TASK DATA:
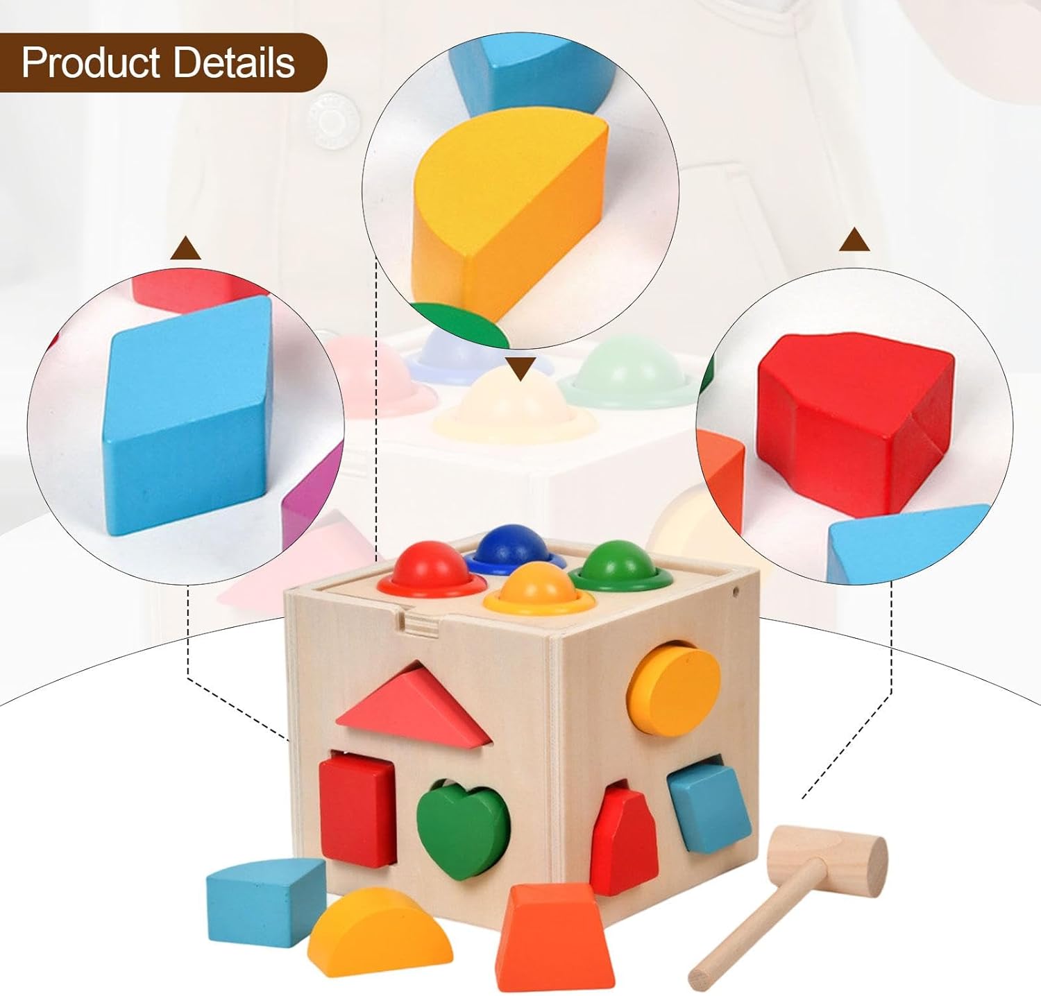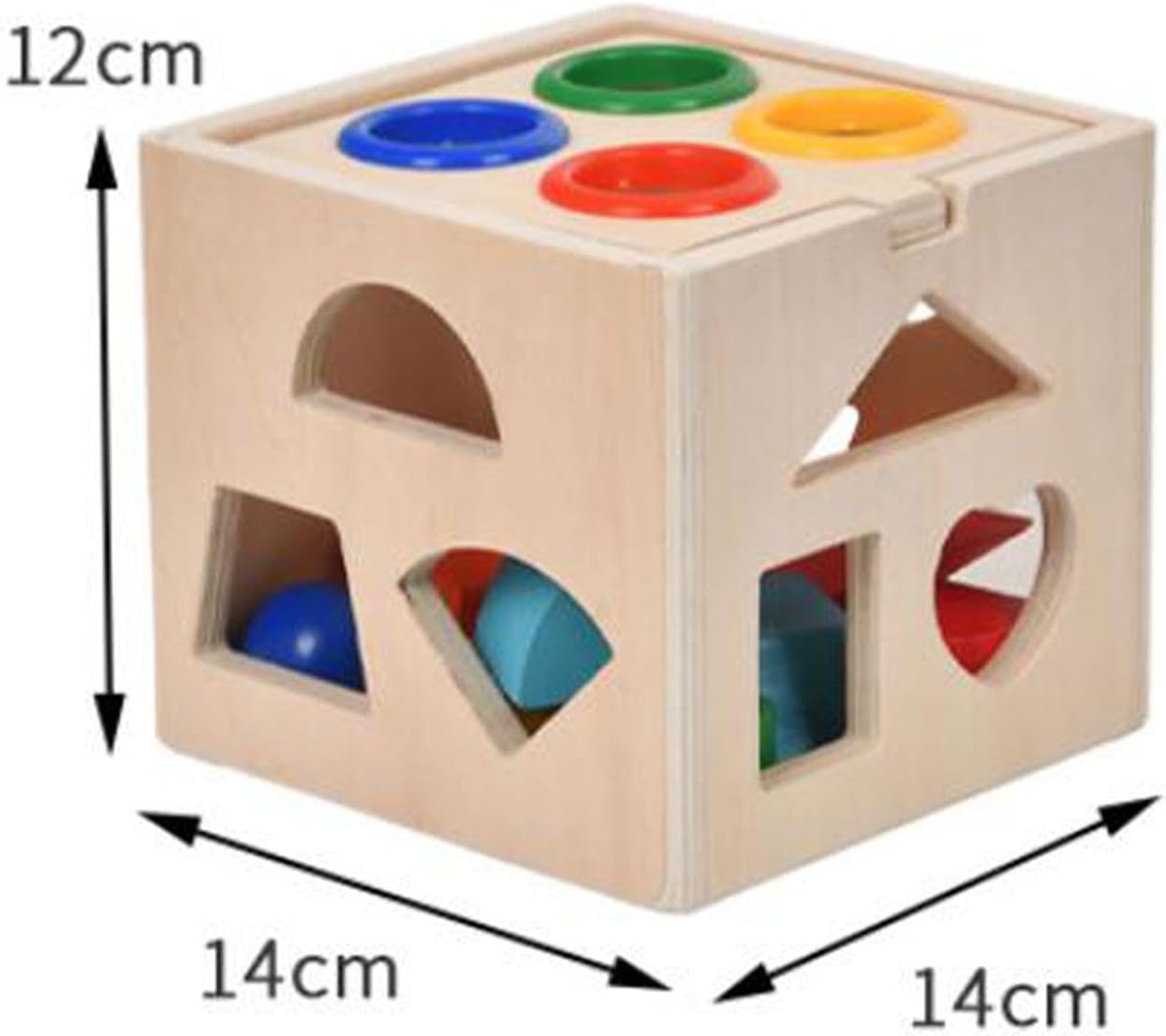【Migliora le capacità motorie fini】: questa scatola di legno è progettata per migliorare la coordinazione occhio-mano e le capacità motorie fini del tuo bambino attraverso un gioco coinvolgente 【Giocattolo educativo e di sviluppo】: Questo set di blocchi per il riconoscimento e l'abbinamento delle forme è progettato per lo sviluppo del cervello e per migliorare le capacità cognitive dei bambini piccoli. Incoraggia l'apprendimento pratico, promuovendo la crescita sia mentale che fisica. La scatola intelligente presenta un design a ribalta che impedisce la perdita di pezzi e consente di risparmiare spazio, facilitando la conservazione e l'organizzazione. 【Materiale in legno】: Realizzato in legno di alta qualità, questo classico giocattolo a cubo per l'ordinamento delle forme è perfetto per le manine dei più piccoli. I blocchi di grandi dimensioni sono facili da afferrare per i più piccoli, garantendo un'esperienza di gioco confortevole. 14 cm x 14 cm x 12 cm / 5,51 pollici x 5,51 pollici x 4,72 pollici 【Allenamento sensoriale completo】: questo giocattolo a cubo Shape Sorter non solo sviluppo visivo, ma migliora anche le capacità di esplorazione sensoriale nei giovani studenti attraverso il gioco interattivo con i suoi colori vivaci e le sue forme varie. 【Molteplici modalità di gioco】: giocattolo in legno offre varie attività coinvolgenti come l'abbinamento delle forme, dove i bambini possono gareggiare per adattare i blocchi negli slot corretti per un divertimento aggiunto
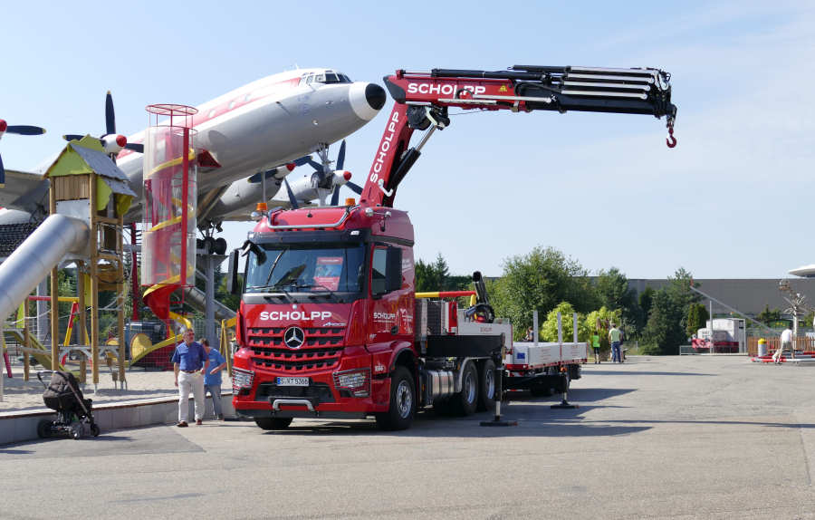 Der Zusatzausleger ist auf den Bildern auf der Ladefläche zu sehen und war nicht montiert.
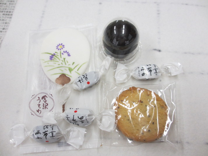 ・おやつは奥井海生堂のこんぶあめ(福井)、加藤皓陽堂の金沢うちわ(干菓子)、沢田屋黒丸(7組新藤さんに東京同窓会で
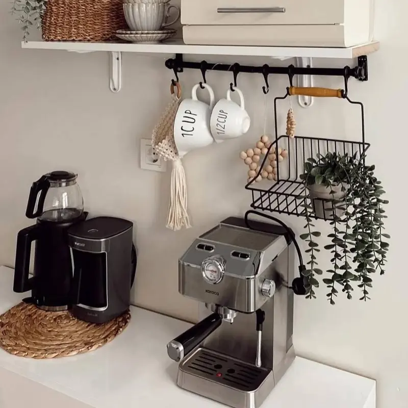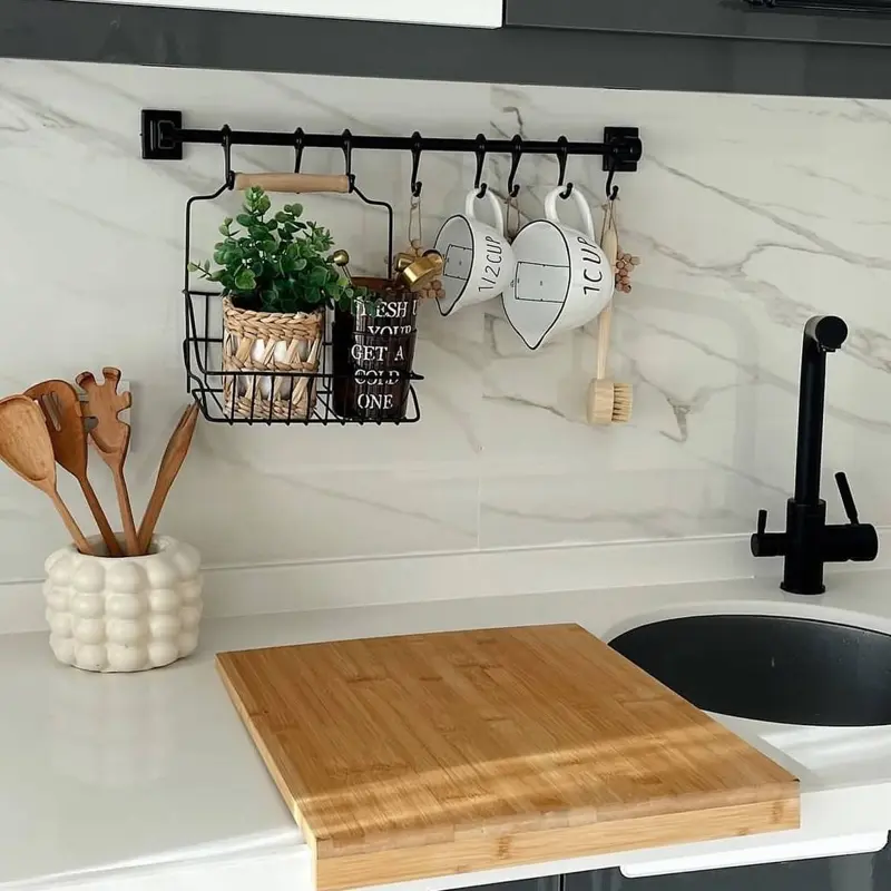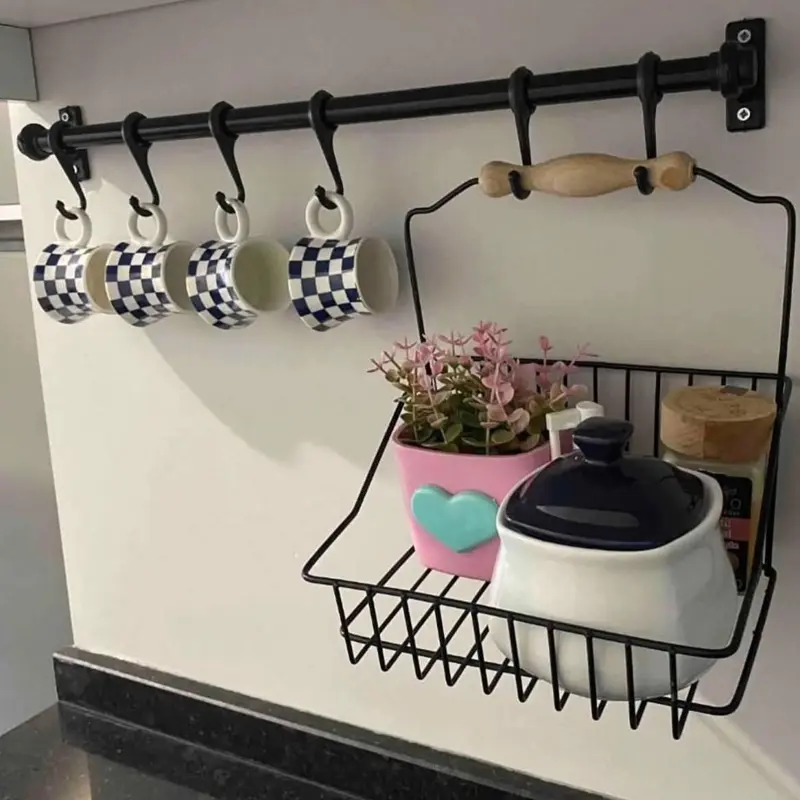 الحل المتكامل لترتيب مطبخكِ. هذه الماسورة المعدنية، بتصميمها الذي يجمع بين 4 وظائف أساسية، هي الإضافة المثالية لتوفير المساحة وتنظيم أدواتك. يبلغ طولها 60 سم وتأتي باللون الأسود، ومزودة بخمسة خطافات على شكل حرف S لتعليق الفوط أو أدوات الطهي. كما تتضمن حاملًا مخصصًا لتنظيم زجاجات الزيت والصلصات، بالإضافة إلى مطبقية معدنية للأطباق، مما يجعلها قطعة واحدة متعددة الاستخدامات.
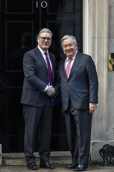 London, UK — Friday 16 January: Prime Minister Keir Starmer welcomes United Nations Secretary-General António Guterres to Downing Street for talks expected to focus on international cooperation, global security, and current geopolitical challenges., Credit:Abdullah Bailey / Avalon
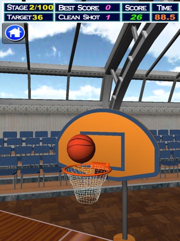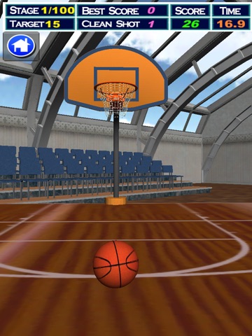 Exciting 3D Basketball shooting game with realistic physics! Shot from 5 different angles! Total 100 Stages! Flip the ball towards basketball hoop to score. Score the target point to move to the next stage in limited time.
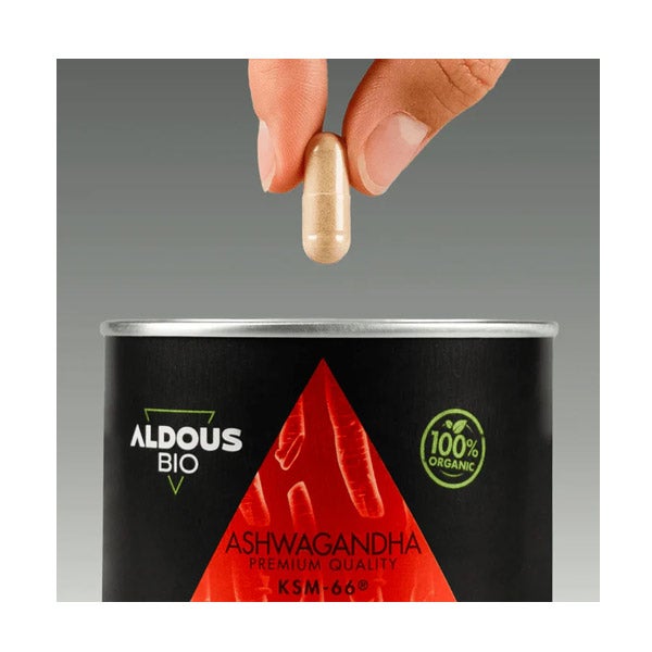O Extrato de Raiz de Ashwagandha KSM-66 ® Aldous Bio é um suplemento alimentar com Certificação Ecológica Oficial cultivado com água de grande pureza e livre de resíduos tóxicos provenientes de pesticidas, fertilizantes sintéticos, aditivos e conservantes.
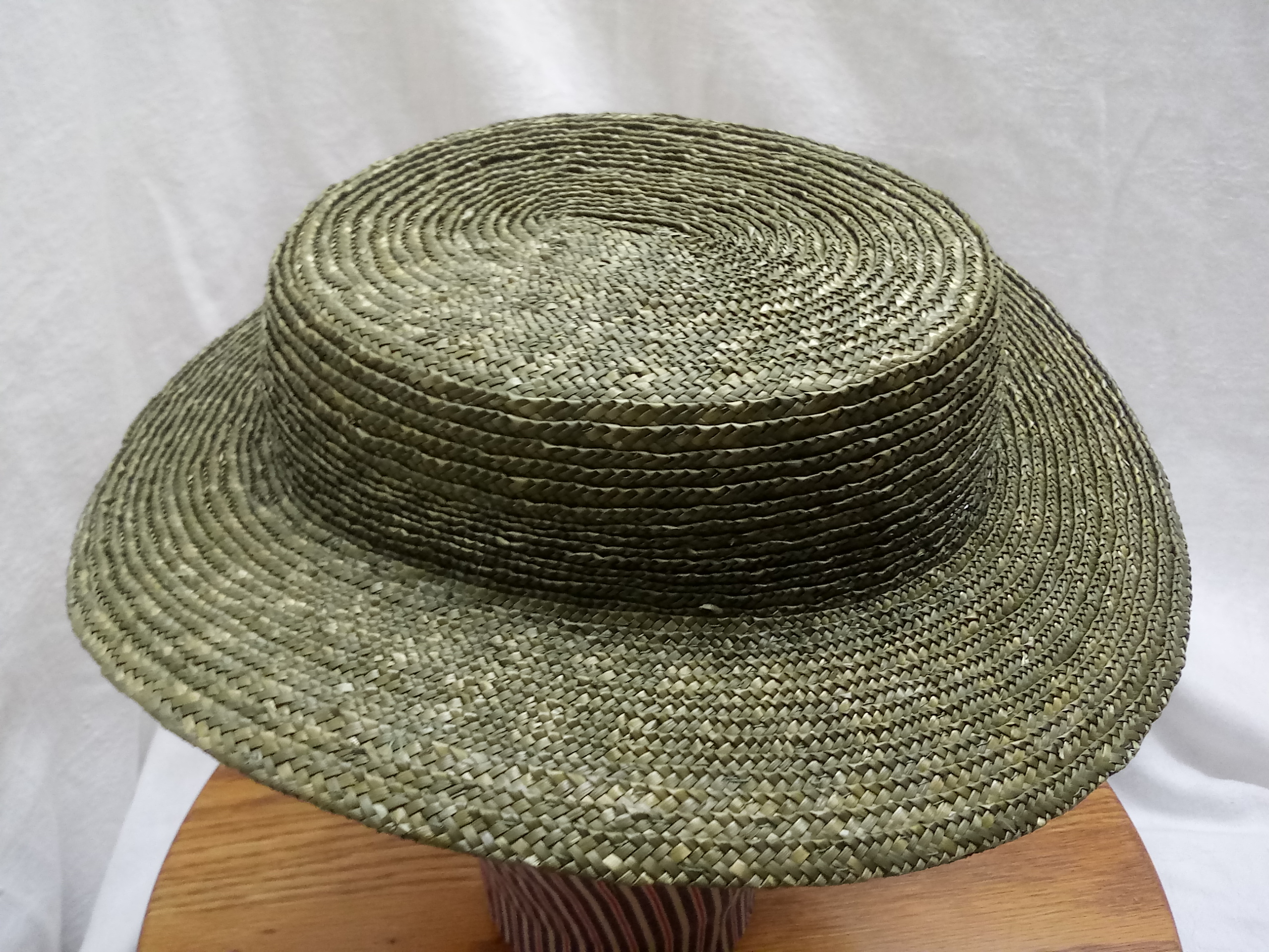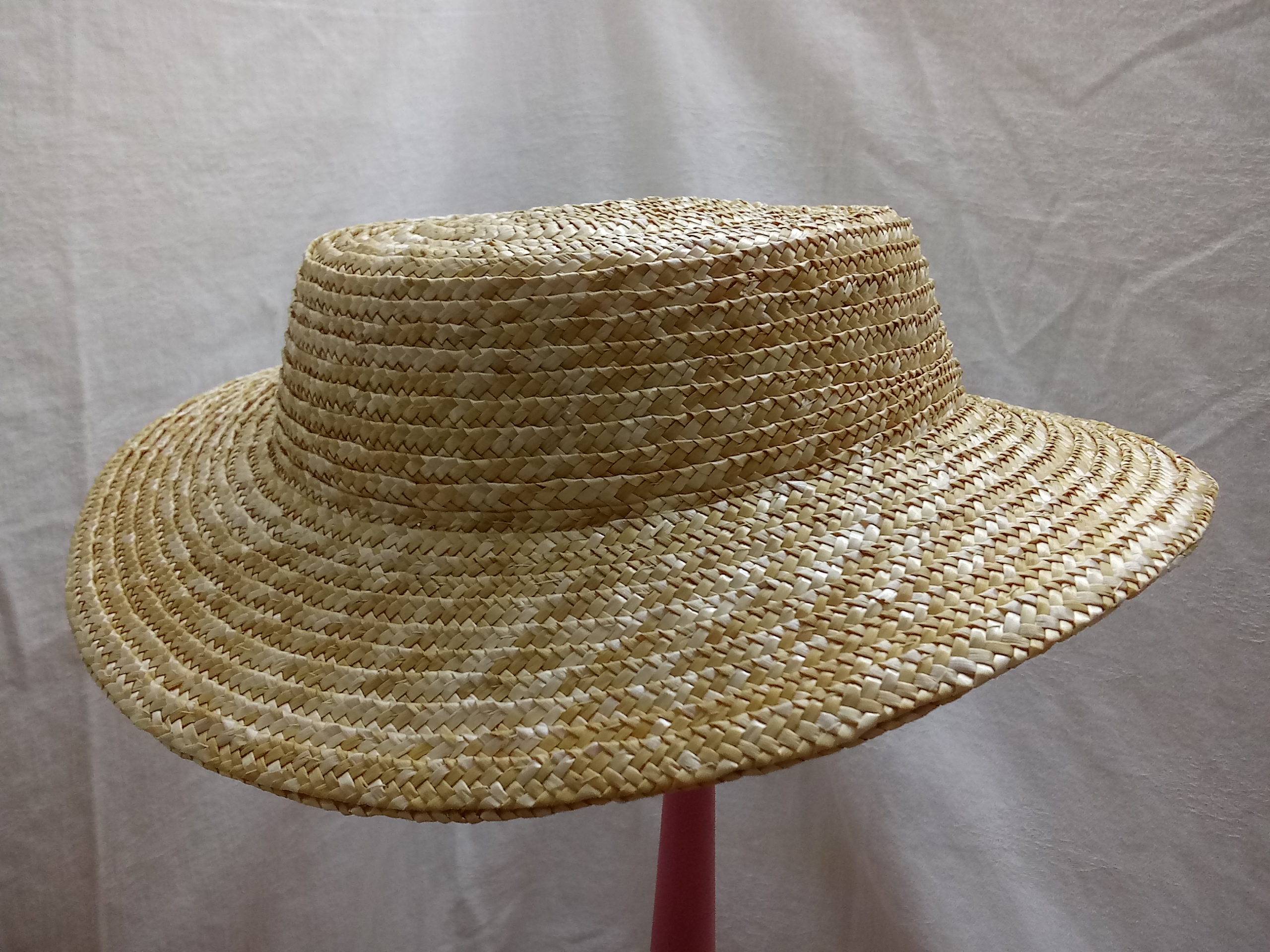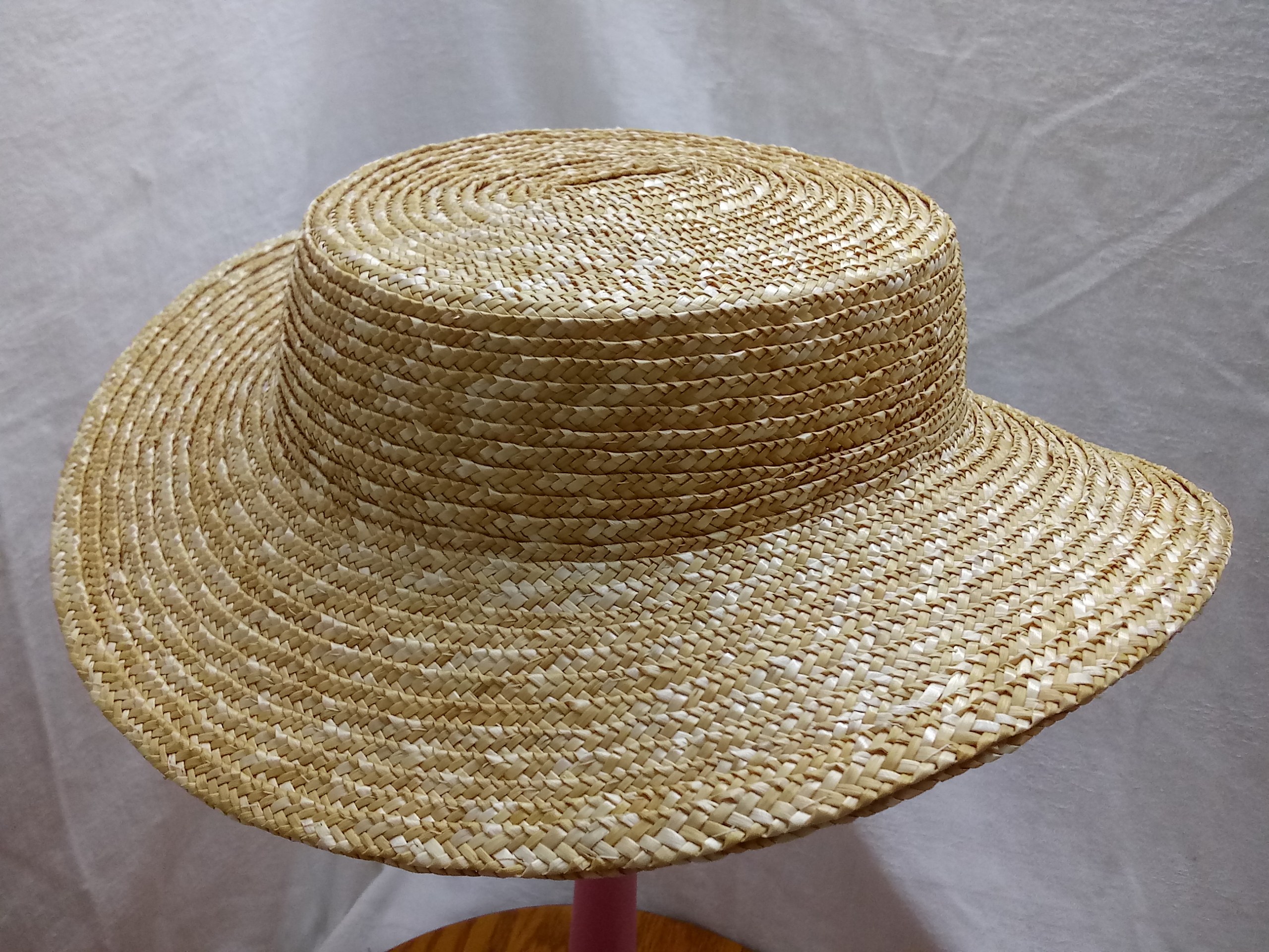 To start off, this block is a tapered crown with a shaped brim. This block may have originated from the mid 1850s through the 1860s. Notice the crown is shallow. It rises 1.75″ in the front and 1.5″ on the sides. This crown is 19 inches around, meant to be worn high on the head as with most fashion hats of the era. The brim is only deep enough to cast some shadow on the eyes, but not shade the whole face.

ACTION ITEM: Give an exact copy of the material, leaving out every picture.

PROBLEM SOLUTION:
【Migliora le capacità motorie fini】: questa scatola di legno è progettata per migliorare la coordinazione occhio-mano e le capacità motorie fini del tuo bambino attraverso un gioco coinvolgente 【Giocattolo educativo e di sviluppo】: Questo set di blocchi per il riconoscimento e l'abbinamento delle forme è progettato per lo sviluppo del cervello e per migliorare le capacità cognitive dei bambini piccoli. Incoraggia l'apprendimento pratico, promuovendo la crescita sia mentale che fisica. La scatola intelligente presenta un design a ribalta che impedisce la perdita di pezzi e consente di risparmiare spazio, facilitando la conservazione e l'organizzazione. 【Materiale in legno】: Realizzato in legno di alta qualità, questo classico giocattolo a cubo per l'ordinamento delle forme è perfetto per le manine dei più piccoli. I blocchi di grandi dimensioni sono facili da afferrare per i più piccoli, garantendo un'esperienza di gioco confortevole. 14 cm x 14 cm x 12 cm / 5,51 pollici x 5,51 pollici x 4,72 pollici 【Allenamento sensoriale completo】: questo giocattolo a cubo Shape Sorter non solo sviluppo visivo, ma migliora anche le capacità di esplorazione sensoriale nei giovani studenti attraverso il gioco interattivo con i suoi colori vivaci e le sue forme varie. 【Molteplici modalità di gioco】: giocattolo in legno offre varie attività coinvolgenti come l'abbinamento delle forme, dove i bambini possono gareggiare per adattare i blocchi negli slot corretti per un divertimento aggiunto
 Der Zusatzausleger ist auf den Bildern auf der Ladefläche zu sehen und war nicht montiert.
 ・おやつは奥井海生堂のこんぶあめ(福井)、加藤皓陽堂の金沢うちわ(干菓子)、沢田屋黒丸(7組新藤さんに東京同窓会で
 الحل المتكامل لترتيب مطبخكِ. هذه الماسورة المعدنية، بتصميمها الذي يجمع بين 4 وظائف أساسية، هي الإضافة المثالية لتوفير المساحة وتنظيم أدواتك. يبلغ طولها 60 سم وتأتي باللون الأسود، ومزودة بخمسة خطافات على شكل حرف S لتعليق الفوط أو أدوات الطهي. كما تتضمن حاملًا مخصصًا لتنظيم زجاجات الزيت والصلصات، بالإضافة إلى مطبقية معدنية للأطباق، مما يجعلها قطعة واحدة متعددة الاستخدامات.
 London, UK — Friday 16 January: Prime Minister Keir Starmer welcomes United Nations Secretary-General António Guterres to Downing Street for talks expected to focus on international cooperation, global security, and current geopolitical challenges., Credit:Abdullah Bailey / Avalon
 Exciting 3D Basketball shooting game with realistic physics! Shot from 5 different angles! Total 100 Stages! Flip the ball towards basketball hoop to score. Score the target point to move to the next stage in limited time.
O Extrato de Raiz de Ashwagandha KSM-66 ® Aldous Bio é um suplemento alimentar com Certificação Ecológica Oficial cultivado com água de grande pureza e livre de resíduos tóxicos provenientes de pesticidas, fertilizantes sintéticos, aditivos e conservantes.
 To start off, this block is a tapered crown with a shaped brim. This block may have originated from the mid 1850s through the 1860s. Notice the crown is shallow. It rises 1.75″ in the front and 1.5″ on the sides. This crown is 19 inches around, meant to be worn high on the head as with most fashion hats of the era. The brim is only deep enough to cast some shadow on the eyes, but not shade the whole face.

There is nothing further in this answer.